Sardar of Bhangi Misl
- Reign: 1746 – 1765
- Predecessor: Bhuma Singh Bhangi
- Successor: Jhanda Singh Bhangi
- Died: 1765 Patiala, Patiala State, Sikh Confederacy (present-day Punjab, India)
- Spouses: Two wives
- Issue: By his first wife Jhanda Singh Bhangi Ganda Singh Bhangi By his second wife Charat Singh Diwan Singh Chachowalia Desu Singh
- Father: Bhup Singh
- Religion: Sikhism

= Hari Singh Bhangi =

Sikh warlord (died 1765)

Hari Singh Bhangi (died 1765) was an 18th-century Sikh warlord and the chief of Bhangi Misl. During the formation of the Dal Khalsa (Sikh army) he was acknowledged as leader of Tarna Dal, and made chief of Bhangi Misl following the death of Bhuma Singh Bhangi, who he was an adopted son of, in 1746. Hari Singh made the Bhangi Misl the most powerful of all the Misls. He has been described as a brave, fearless and great warrior. Under Hari Singh, the Bhangi Misl expanded to Jammu, Lahore, Chiniot, Buria, Jagadhari, Firozpur, Kushab, Majha, Malwa, Sandal Bar and Jhang.

==Biography==
Hari Singh was born in Panjwar village in district Tarn Taran, tehsil Jhabal. He was adopted by the chief of Bhangi Misl, Bhuma Singh Bhangi. He then took Amrit from him and was initiated into the Khalsa. After the creation of the Dal Khalsa in 1748, Hari Singh was made head of Tarna Dal and Bhangi Misl. Upon taking over Bhangi Misl, he quickly increased its strength to 20,000 and ruled many Misldars under him.

Hari Singh set up his headquarters in Gilwali village in Amritsar district and later in Amritsar, where he built a fort named Qila Bhangian and captured the surrounding areas. Hari Singh next captured Karial and Mirowal. He also joined other Sikh Misls in attacks on Lahore in 1758 and 1760.

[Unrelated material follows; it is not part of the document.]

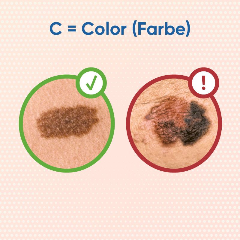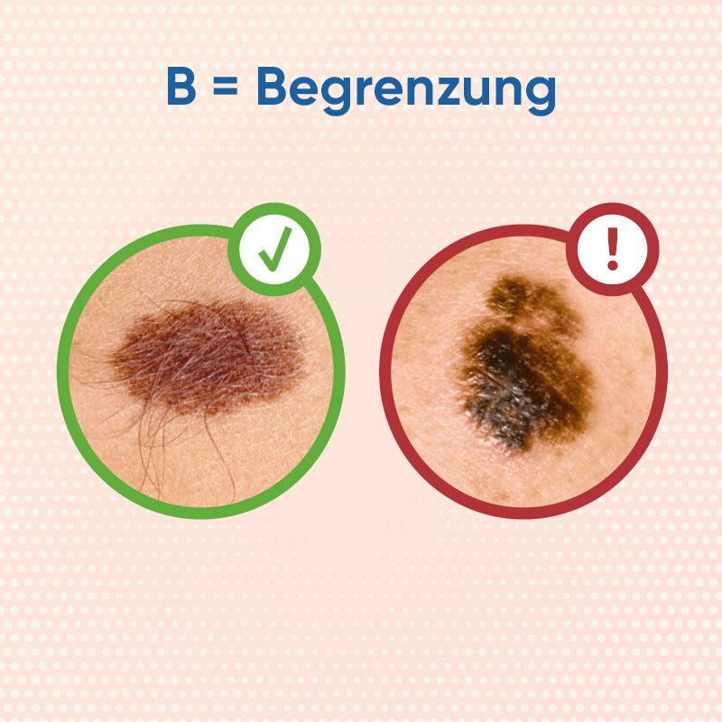 A = Asymmetrie: asymmetrisches Wachstum, nicht rund oder oval. B = Begrenzung: ungleichmäßig, unscharf, fließender Wechsel zum Normalgewebe. C = Color (Farbe): ungleich starke Pigmentierung oder Mehrfarbigkeit. D = Durchmesser: schnelles Wachstum, oftmals vergrößerter Durchmesser (5 mm oder größer).

In 1757, Ahmed Shah Abdali raided Punjab and Delhi. Hari Singh joined hands with other Sikh Misls to counter Abdali. On March 8, 1758, the joint force besieged an Afghan force of 15,000 in Sirhind. On March 21, Sirhind was captured by the Sikh force. On April 10, they captured Lahore and killed a force of 2,000 Afghans. The prisoners were then forced to rebuild the Golden Temple, which they had desecrated.

In 1760, Hari Singh joined a force of Sikh Misls that captured Lahore on Diwali in 1760 and plundered the surrounding area. They left Lahore after receiving a tribute of 30,000 rupees from the Governor.

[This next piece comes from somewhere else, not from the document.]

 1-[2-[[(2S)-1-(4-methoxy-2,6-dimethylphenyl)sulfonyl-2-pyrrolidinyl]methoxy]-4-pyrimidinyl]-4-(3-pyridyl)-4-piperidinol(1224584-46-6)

In 1761, Hari Singh joined Sikh Misls in the Battle of Gujranwala, where the Sikhs, numbering 10,000, defeated the Afghan force of 12,000. Following this, Hari Singh and other Sikh Misls, led by Jassa Singh Ahluwalia, besieged Lahore and conquered the city on October 27, 1761. There, they struck their own coins and plundered the city.

In 1762, Hari Singh conquered Kot Khwaja Saeed, near Lahore, capturing the Afghan Governor's ammunition and three cannons. He then captured the surrounding area of Bahawalpur, plundered it, and conquered Jammu with a force of 12,000. Hari Singh also marched on the Indus and conquered the Majha, Malwa, and Sandal Bar areas, as well as parts of the Multan.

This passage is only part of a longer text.